- Source records:
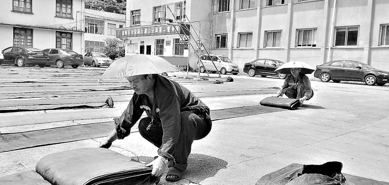 天湖山能源公司含春煤礦在開展主題教育“找差距、抓落實”工作中,制定成本管控措施,抓好節能降耗工作。圖為日,通風工在烈日下對井下回收的導風筒進行曝曬、整理。(姚文華 攝影報道)
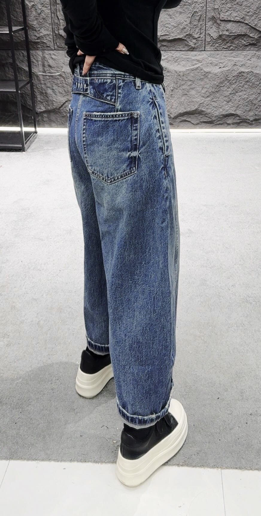 m8 데님 색상 바지 갈기 디자인 센스 루즈핏 대 에디션 와 성별 없음 폭탄 7 분 와이드 레그 팬츠 청바지 55862
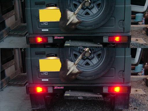 今日は連休中日です。前から作成していたLEDをテールランプに埋め込みました。上がライトON時下がブレーキランプ点灯時なかなかよくできていると思いませんか?ジムニーのテールランプはW球ですので難しかったですo(≧u≦)oこれで夜間の電力不足も少し改善されたかな~
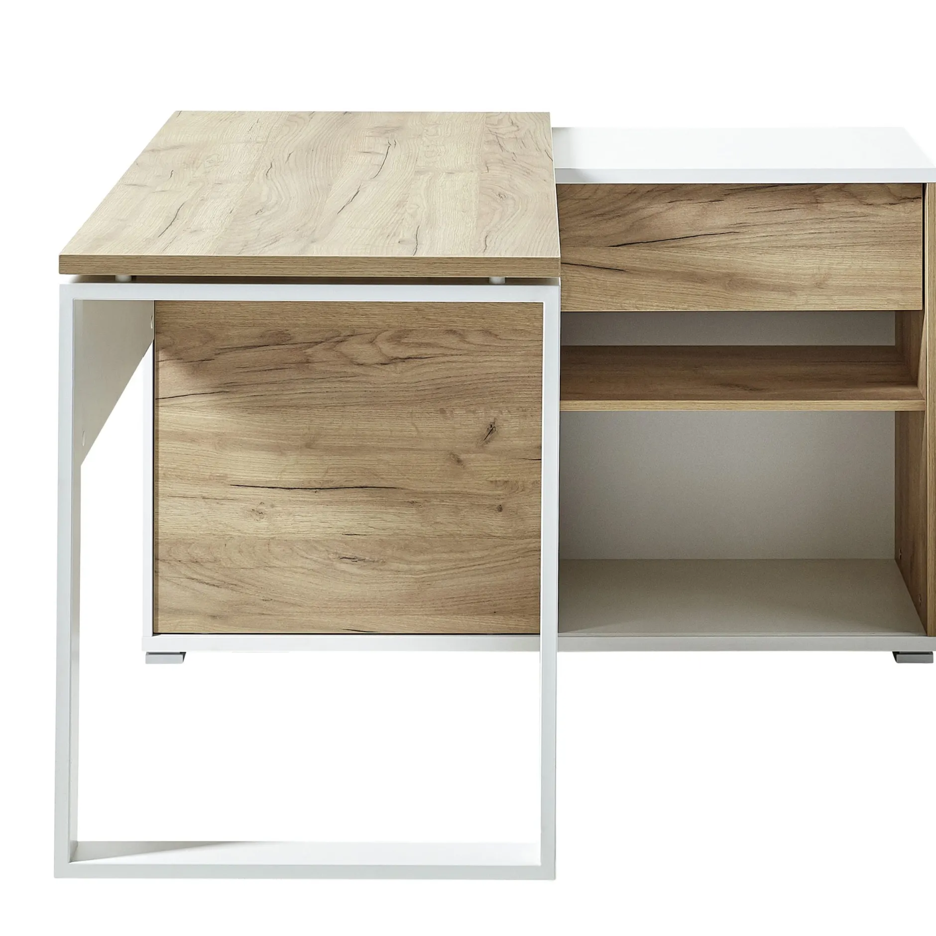 Dit bureau is een handige en compacte combinatie van een bureau met kastruimte. Deze kast heeft een schuifdeur zodat altijd de helft van de kast afgesloten kan worden. Aan 1 zijde heeft de kast een handige lade voor het opbergen van kleine spulletjes als pennen , nietjes etc. In het blad is een kabeldoorvoer.
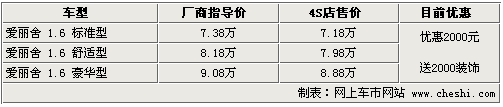 據4S店銷售人員介紹:目前新愛麗舍最高優惠達2000元,店內另送2000元裝飾。目前新愛麗舍現車非常充足,顏色齊全,白色、銀色等暢銷的顏色可供挑選。
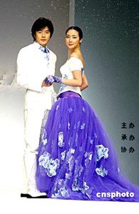 2004年4月22日,韓國服飾設(shè)計大師ANDREKIM的服裝發(fā)布會在上海舉行。權(quán)相宇與崔智友T臺上演藝?yán)寺矍椤?楊明靜 攝
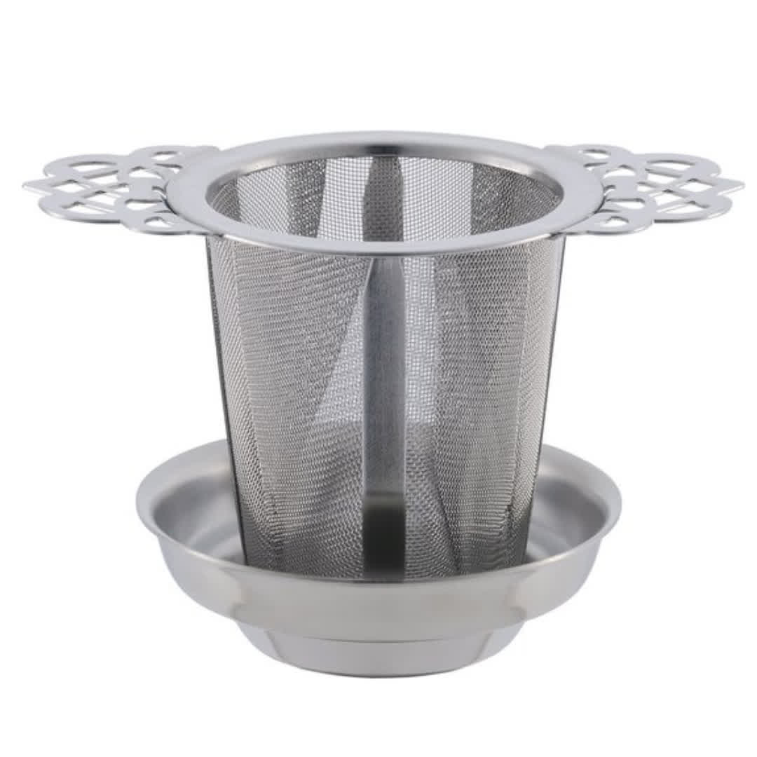 Handige thee- en koffiefilter met deksel, ideaal voor het zetten van losse thee of koffie. Gemaakt van roestvrij staal in een metalen kleur en uitgevoerd in een ronde vorm. De filter heeft een afmeting van 11,2 x 6,5 x 6,7 cm en is voorzien van een decoratief handvat voor extra gebruiksgemak. Wordt geleverd verpakt in een doosje, ook leuk om cadeau te geven.
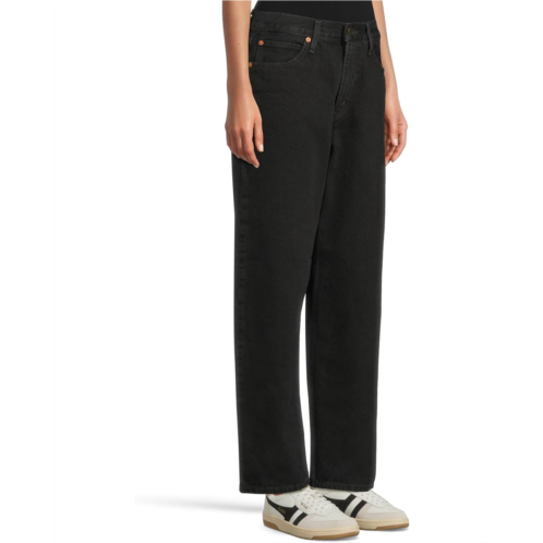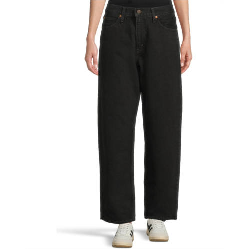 Keep up with the comfort and exude a chic style wearing Levi's Premium Dad Jean that are the perfect fuss-free lightweight pants. The dark wash jeans features a mid-rise smocked elastic waistband for an easy pull-on convenience, belt loops for a customizable fit, and a straight leg style with cropped hem designed to hit right above the ankle. The zip-fly and button closure is designed for convenience, five-pocket styling adds to the funtionality, and the relaxed yet flattering fit adds extra room for a subtle edge.
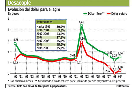 En 2008, con un dólar libre de $ 3,27, el dólar sojero se situó en $ 2,03, considerando los cuatro meses de retenciones en torno del 45% que transcurrieron entre la promulgación y la derogación de la famosa Resolución 125.
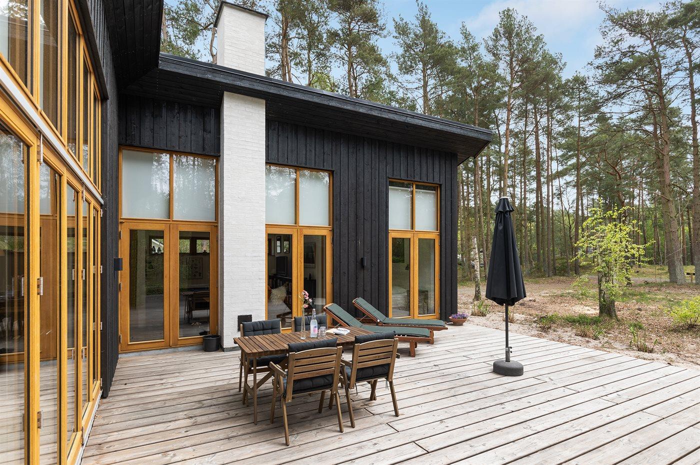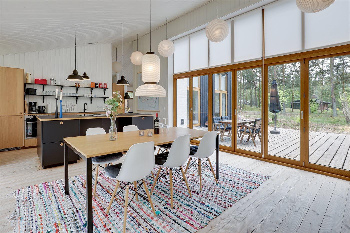 Arkitekttegnet og helt nyt sommerhus fra 2021 beliggende nær populær sandstrand i et naturskønt feriehusområde. Grunden er omgivet af mange høje træer, og til huset hører en ugenert terrasse med afskærmning ud mod et naturområde.
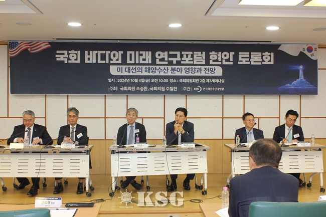 지난 4일 서울 여의도 국회의원회관에서 열린 ‘국회 바다와 미래 연구포럼 현안 토론회’에서 김민수 한국해양수산개발원(KMI) 본부장은 미국 대선 결과에 따라 해운시장 판도가 달라질 것이라며 해양수산업에 미칠 영향과 대응 방안을 발표했다.
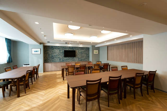 エントランスホール、リビング&ダイニング(食堂)※1、機能訓練室、個人浴室、特別浴室、ヘルパーステーション、健康管理室、ファミリールーム兼ヘアーサロン(理美容室)、応接室、リビング 、ランドリー、ルーフデッキ、駐車場 ※1食事だけでなくイベント・レクリエーション等、日常生活上多目的に使用。 |
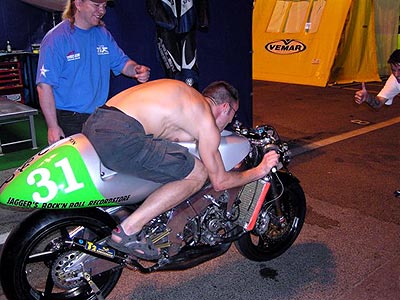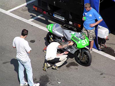 kurzinfo...freies training begann mit einem satten kurbelwellenschaden....im ersten zeittraining 19.platz....im zweiten zeittraining ausfall wegen kupplungsdefekt.....warmup ok......mit einem superstart ins rennen....an 15.stelle liegend wegen eines techn.defekts ausgefallen....gewonnen hat mal wieder...ja genau sekigutchi. |
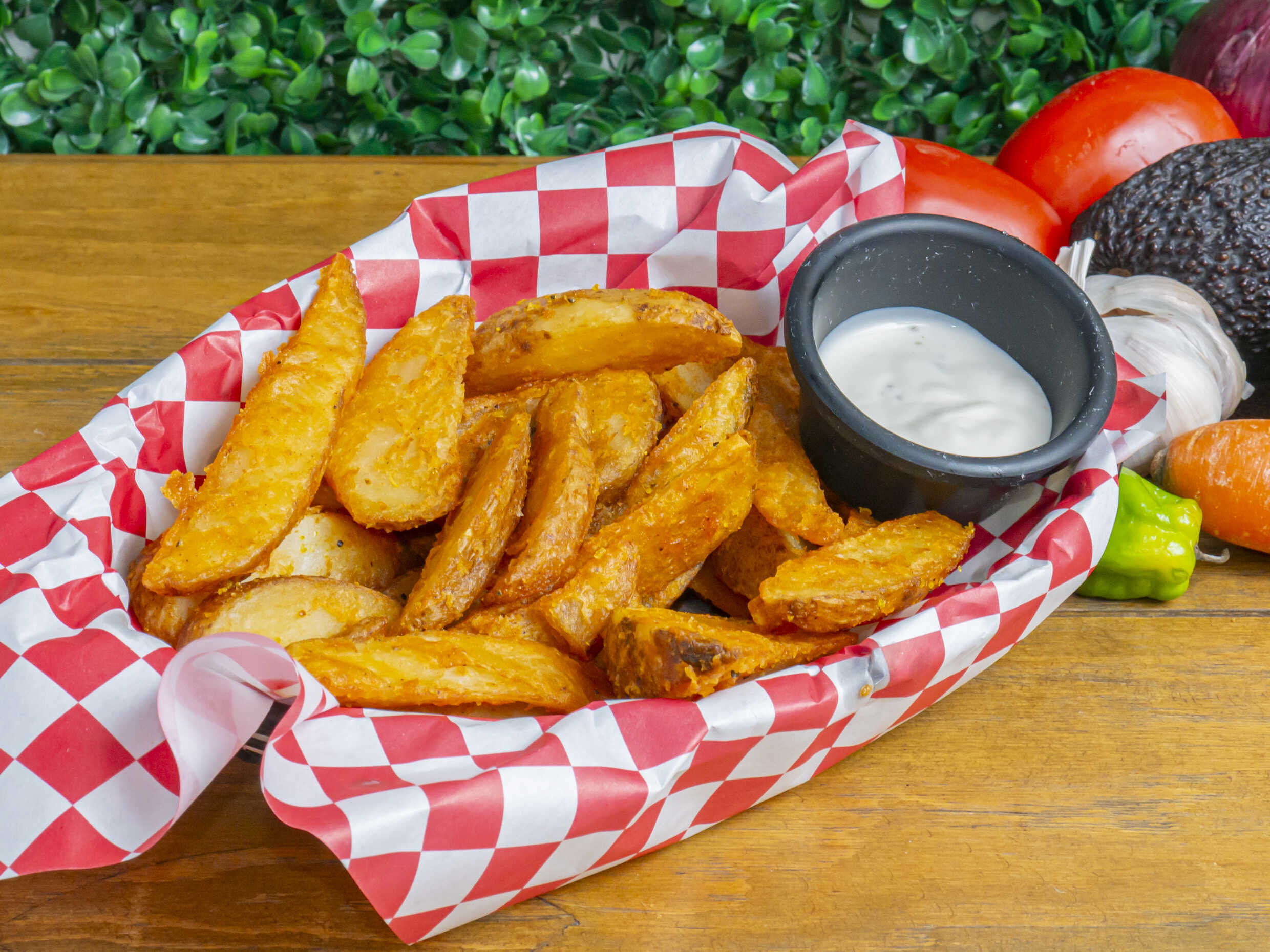 Acompañados con aderezo ranch, zanahoria y pepino.

- Assigned task:
Copy out the entries exactly. No pictures.

- Answer:
 天湖山能源公司含春煤礦在開展主題教育“找差距、抓落實”工作中,制定成本管控措施,抓好節能降耗工作。圖為日,通風工在烈日下對井下回收的導風筒進行曝曬、整理。(姚文華 攝影報道)
 m8 데님 색상 바지 갈기 디자인 센스 루즈핏 대 에디션 와 성별 없음 폭탄 7 분 와이드 레그 팬츠 청바지 55862
 今日は連休中日です。前から作成していたLEDをテールランプに埋め込みました。上がライトON時下がブレーキランプ点灯時なかなかよくできていると思いませんか?ジムニーのテールランプはW球ですので難しかったですo(≧u≦)oこれで夜間の電力不足も少し改善されたかな~
 Dit bureau is een handige en compacte combinatie van een bureau met kastruimte. Deze kast heeft een schuifdeur zodat altijd de helft van de kast afgesloten kan worden. Aan 1 zijde heeft de kast een handige lade voor het opbergen van kleine spulletjes als pennen , nietjes etc. In het blad is een kabeldoorvoer.
 據4S店銷售人員介紹:目前新愛麗舍最高優惠達2000元,店內另送2000元裝飾。目前新愛麗舍現車非常充足,顏色齊全,白色、銀色等暢銷的顏色可供挑選。
 2004年4月22日,韓國服飾設(shè)計大師ANDREKIM的服裝發(fā)布會在上海舉行。權(quán)相宇與崔智友T臺上演藝?yán)寺矍椤?楊明靜 攝
 Handige thee- en koffiefilter met deksel, ideaal voor het zetten van losse thee of koffie. Gemaakt van roestvrij staal in een metalen kleur en uitgevoerd in een ronde vorm. De filter heeft een afmeting van 11,2 x 6,5 x 6,7 cm en is voorzien van een decoratief handvat voor extra gebruiksgemak. Wordt geleverd verpakt in een doosje, ook leuk om cadeau te geven.
 Keep up with the comfort and exude a chic style wearing Levi's Premium Dad Jean that are the perfect fuss-free lightweight pants. The dark wash jeans features a mid-rise smocked elastic waistband for an easy pull-on convenience, belt loops for a customizable fit, and a straight leg style with cropped hem designed to hit right above the ankle. The zip-fly and button closure is designed for convenience, five-pocket styling adds to the funtionality, and the relaxed yet flattering fit adds extra room for a subtle edge.
 En 2008, con un dólar libre de $ 3,27, el dólar sojero se situó en $ 2,03, considerando los cuatro meses de retenciones en torno del 45% que transcurrieron entre la promulgación y la derogación de la famosa Resolución 125.
 Arkitekttegnet og helt nyt sommerhus fra 2021 beliggende nær populær sandstrand i et naturskønt feriehusområde. Grunden er omgivet af mange høje træer, og til huset hører en ugenert terrasse med afskærmning ud mod et naturområde.
 지난 4일 서울 여의도 국회의원회관에서 열린 ‘국회 바다와 미래 연구포럼 현안 토론회’에서 김민수 한국해양수산개발원(KMI) 본부장은 미국 대선 결과에 따라 해운시장 판도가 달라질 것이라며 해양수산업에 미칠 영향과 대응 방안을 발표했다.
 エントランスホール、リビング&ダイニング(食堂)※1、機能訓練室、個人浴室、特別浴室、ヘルパーステーション、健康管理室、ファミリールーム兼ヘアーサロン(理美容室)、応接室、リビング 、ランドリー、ルーフデッキ、駐車場 ※1食事だけでなくイベント・レクリエーション等、日常生活上多目的に使用。 |
 kurzinfo...freies training begann mit einem satten kurbelwellenschaden....im ersten zeittraining 19.platz....im zweiten zeittraining ausfall wegen kupplungsdefekt.....warmup ok......mit einem superstart ins rennen....an 15.stelle liegend wegen eines techn.defekts ausgefallen....gewonnen hat mal wieder...ja genau sekigutchi. |
 Acompañados con aderezo ranch, zanahoria y pepino.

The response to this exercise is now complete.